Moskwa na gwałt kusi lukratywnymi kontraktami zachodnie koncerny, by z ich pomocą złamać opór Polski i państw nadbałtyckich wobec gazociągu przez Bałtyk.
Przed październikowym szczytem UE - Rosja Gazprom sfinalizował też przejęcie połowy gazociągów niemieckiej firmy Wingas, która będzie rozprowadzać po Europie surowiec dostarczany przez Bałtyk. Norweski koncern StatoilHydro dostał udziały w spółce, która zapewni Rosjanom know-how, pieniądze i sprzęt na eksploatację złóż w Arktyce, które dostarczą gaz dla Nord Stream. W lipcu udziałowcem tej arktycznej spółki został już francuski Total - przypomniał dziennik.
Moskwa dba też o stworzenie wrażenia, że Nord Stream popierają polityczni dyrygenci Europy. Gazprom odstąpił Holendrom udziały Nord Stream w obecności Władimira Putina i premiera Holandii, pierwsi o wyborze partnerów do arktycznych złóż dowiedzieli się od Putina prezydent Francji i premier Norwegii.
Wystarczy uważnie przeczytać komunikaty o tych umowach, by odkryć, że większość z nich dopiero trzeba sprecyzować. Nie wiadomo, ile Holendrzy zapłacą za udziały w Nord Stream, kiedy niemieckie huty dostaną zamówienie na rury, a Włosi - na ich układanie. Szczegóły kontraktów z Total i StatoilHydro zostaną ustalone za dwa lata - czytamy w "GW".

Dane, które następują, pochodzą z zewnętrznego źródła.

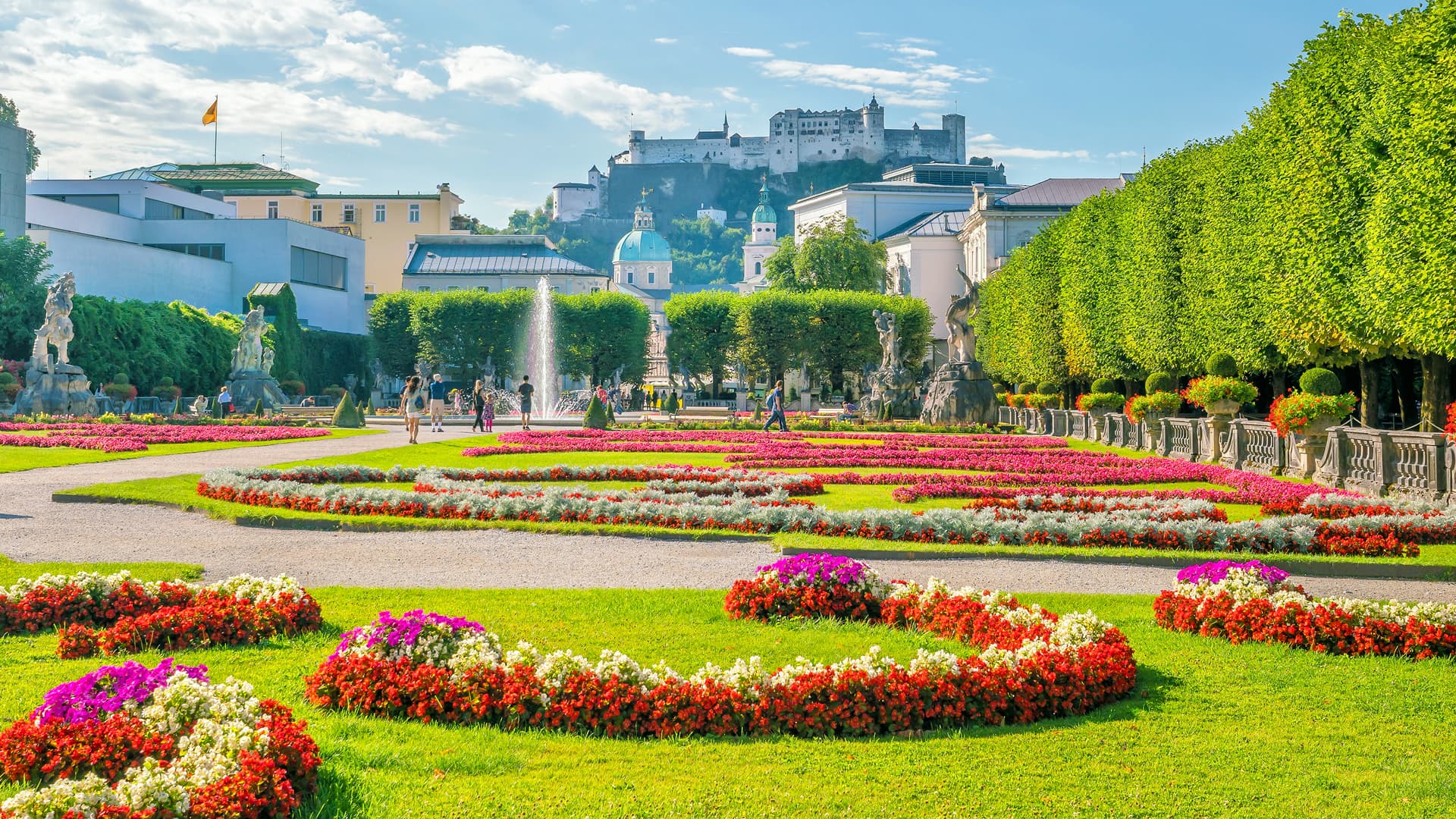 - Quần thể vườn thượng uyển Mirabell, Nhà của Mozart (tham quan bên ngoài). Vườn thượng uyển Mirabell là một mảnh ghép kiến trúc quan trọng của Salzburg tuyệt đẹp và lãng mạn được xây dựng từ năm 1690, nằm trong quần thể cung điện Mirabell, địa điểm đã mang lại nguồn cảm hứng cho Mozart viết nên những tuyệt phẩm âm nhạc của mình.

Rosjanie nie mają wątpliwości, dlaczego Moskwa kusi zachodnie koncerny obietnicą lukratywnych kontraktów. "Władze Rosji kawałkami rury werbują sobie sojuszników w Europie" - ironicznie skomentował portal gazeta.ru umowę Gazpromu z Gasunie.
Ta kampania propagandowa ruszyła, bo budowa Nord Stream stoi pod znakiem zapytania z powodu oporu państw nadbałtyckich. Najpierw Warszawa wytknęła konsorcjum, że nie uwzględniło polskich praw do oceny inwestycji na wodach przy Bornholmie. Zamiast uwzględnić polskie prawa, Nord Stream wolało zmienić trasę rury.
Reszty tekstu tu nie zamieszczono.